We’re starting 2017 with determination and optimism—determined to drink well every single day, and optimistic that we can make that happen. This wine, a perfectly cellared Tuscan red with bottle age at an amazing price, keeps us on that righteous path.
I pulled this bottle from my cellar while my parents were visiting for Thanksgiving. It was 1/4th to 1/10th the price of the various top-tier Burgundies and Champagnes already open on the table, and with virtually no press or reputation to precede it. I’ve been a fan of Ceretto-Libri for a few years and was curious to taste for myself, but mostly I was trying to placate my father, an unabashed Tuscan wine lover. Much to everyone’s surprise, this modestly priced Chianti embarrassed every other wine on the table. Furthermore, it bested many of the great (and stratospherically priced) Brunellos and Tuscan classics I tasted in 2016. This is a brilliant, timeless, and incredibly delicious wine—every bit on par with the top wines in all of Italy. I wish we had a thousand cases of this beauty.

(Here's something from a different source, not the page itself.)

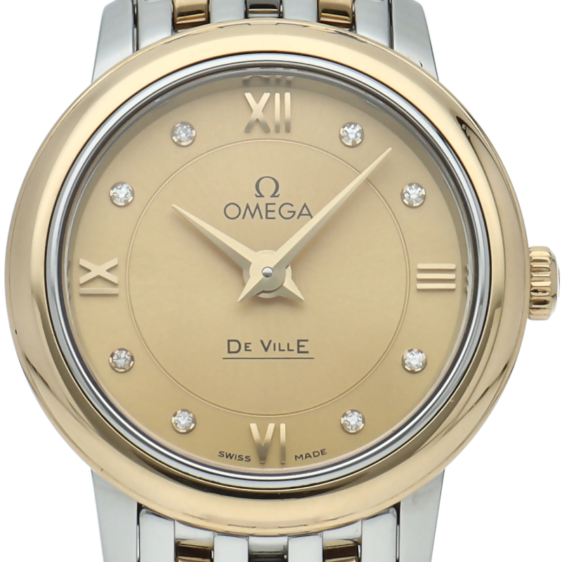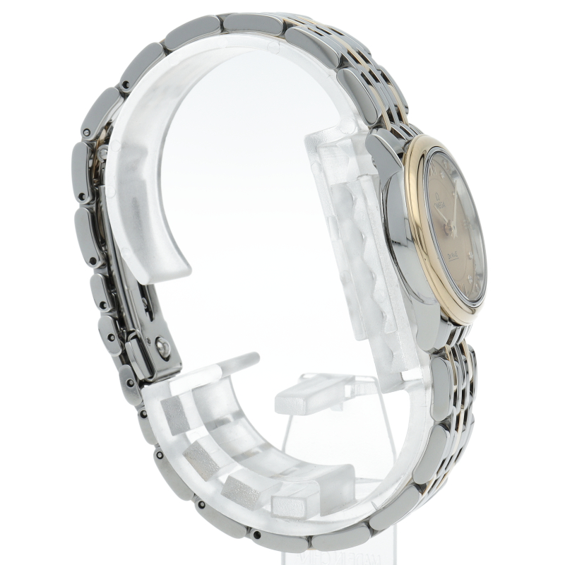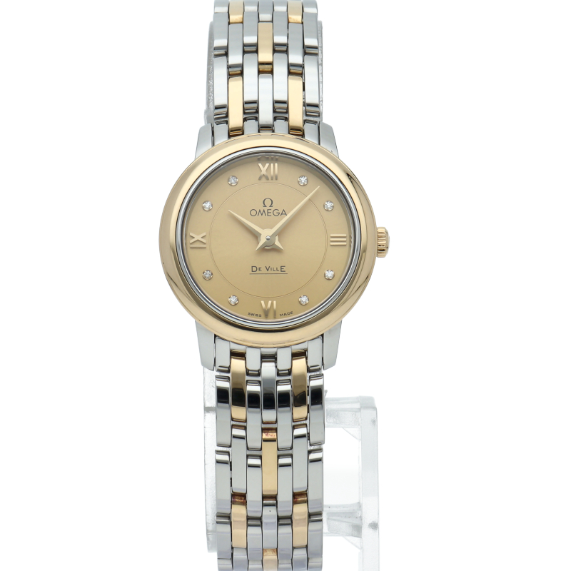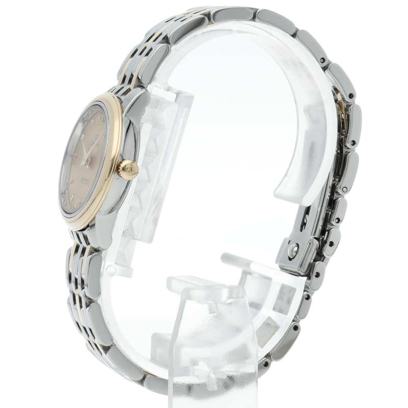 エレガントかつ時流に流されないクラシカルな雰囲気を纏った“デビル プレステージ”コレクション。明るい印象のシャンパーニュダイアル上に8Pダイヤモンドインデックスを配しています。イエローゴールドとステンレススティールを巧みに組み合わせた、レディースモデルらしい華やかなデザインです。
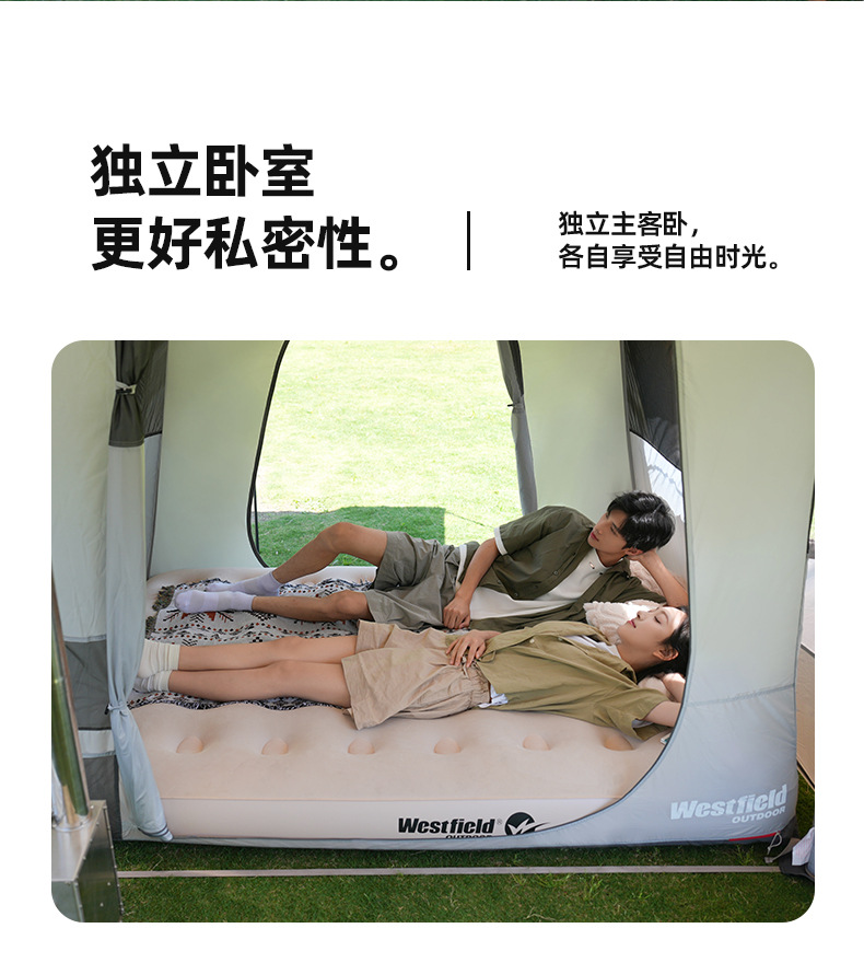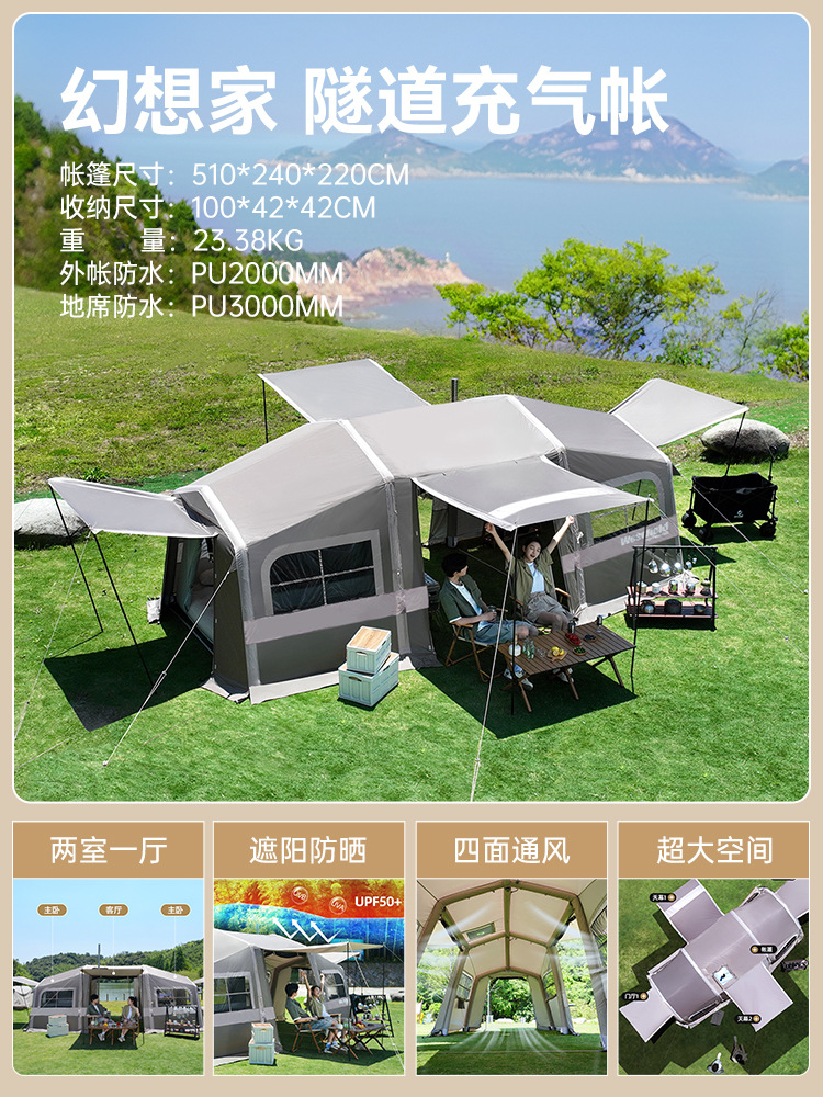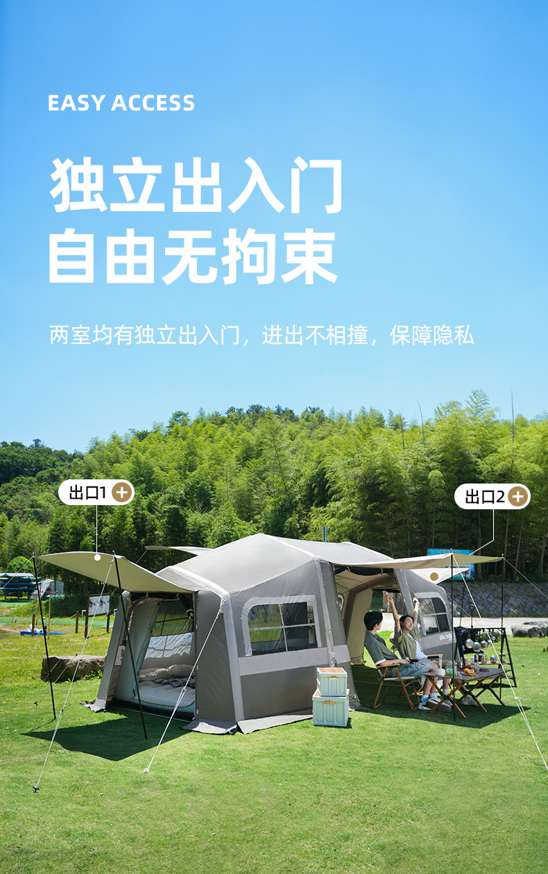 나는 팽창식 텐트를 가지고 야외에서 캠핑을 하고 싶어합니다. 두 개의 방과 거실이 있는 두꺼운 방수 텐트입니다.

Enjoying a bottle of this truly mesmerizing Chianti Rùfina from Cerreto-Libri is like drinking the history of Tuscan wine. This small vineyard has been in the same family’s hands since the 1700s, and its breathtaking ancient cellar is built on top of Etruscan ruins that date back to 500 BCE. In addition to the property’s incredible depth of history, Cerreto-Libri bottles traditional Chianti in a style and class that is virtually extinct in the region. This is as pure, painstakingly handcrafted and terroir-driven a wine as one could ever hope to discover in Tuscany—it’s the real deal. Add to that, nine years of patient maturation in the family’s cool underground cellar and you have one truly special bottle of wine that is ready to drink right now.
Sometimes overlooked, Rùfina is the most northeasterly of all Chianti’s subregions. It is a sun-drenched hilly terrain with balmy summers and vineyards that frequently ripen earlier than neighboring subregions to the south and west. Paradoxically, the handful of flowing rivers that carve up Rùfina also bring cooler nighttime temperatures than the rest of Chianti. The result is a terroir producing wines that are often more robust and masculine than elsewhere in the region, but that also possess impressive detail and finesse. I often think of the best examples of Chianti Rùfina as being a hybrid of the nuance and rusticity of Chianti Classico and the depth and power of Brunello di Montalcino. With less than 25 producers in total, Rùfina stays relatively invisible in the global wine market. The culture of the region is more rural, rustic, and generally more connected to agriculture than luxurious tasting rooms and mass marketing. But despite Rùfina being an underappreciated and perhaps under-resourced region, this offer is proof that its soils and climate possesses all that is necessary to produce truly world class wine at a refreshingly modest price.
Fortunately, Cerreto-Libri grower/winemaker, Andrea Zanfei (who is always shadowed by his wise old canine companion), does nothing to conceal or obscure the purity of this terroir. All fruit on the property is grown in strict accordance with organic and biodynamic principles. Furthermore, there is no sulfur introduced to the juice at any point during vinification. Grapes are simply loaded into a battery of ancient WWII-era concrete fermentation tanks. When fermentation is complete, the wine is left to slowly mature in enormous neutral French oak casks until bottling. There is no filtering, no fining, and hardly any mechanized equipment in the property’s tiny cellar.
The 2007 Cerreto-Libri Chianti Rùfina has a dark crimson center quickly moving to a light garnet and orange reflections on the rim. Aromas are savory, perfumed and highly complex. Notes of cherry blossoms, red currant, dried orange peel, dried roses, thyme, sage, dried tobacco, leather and fresh clay delicately rise above the glass in near perfection. The palate is medium bodied, but with a density and power on the palate that gives the impression of a much richer wine. Flavors of just picked preserved cherries, wild berries, red plums and tobacco dominate the palate, with a supporting cast of dried flowers and a final hint of exotic dried spices. This wine begins to open up after 20 minutes in a decanter and shows best after an hour at roughly 60-65 degrees, which allows its more delicate floral aromatic to remain intact. This is not a simple wine to pour alongside a tomato based pasta dish—it can stand up to much more intense flavors and robust textures. To make the most of this beautiful wine, I recommend pairing with this
Grilled Lamb Chop preparation. Fire up the grill, fill the decanter and strap yourself in.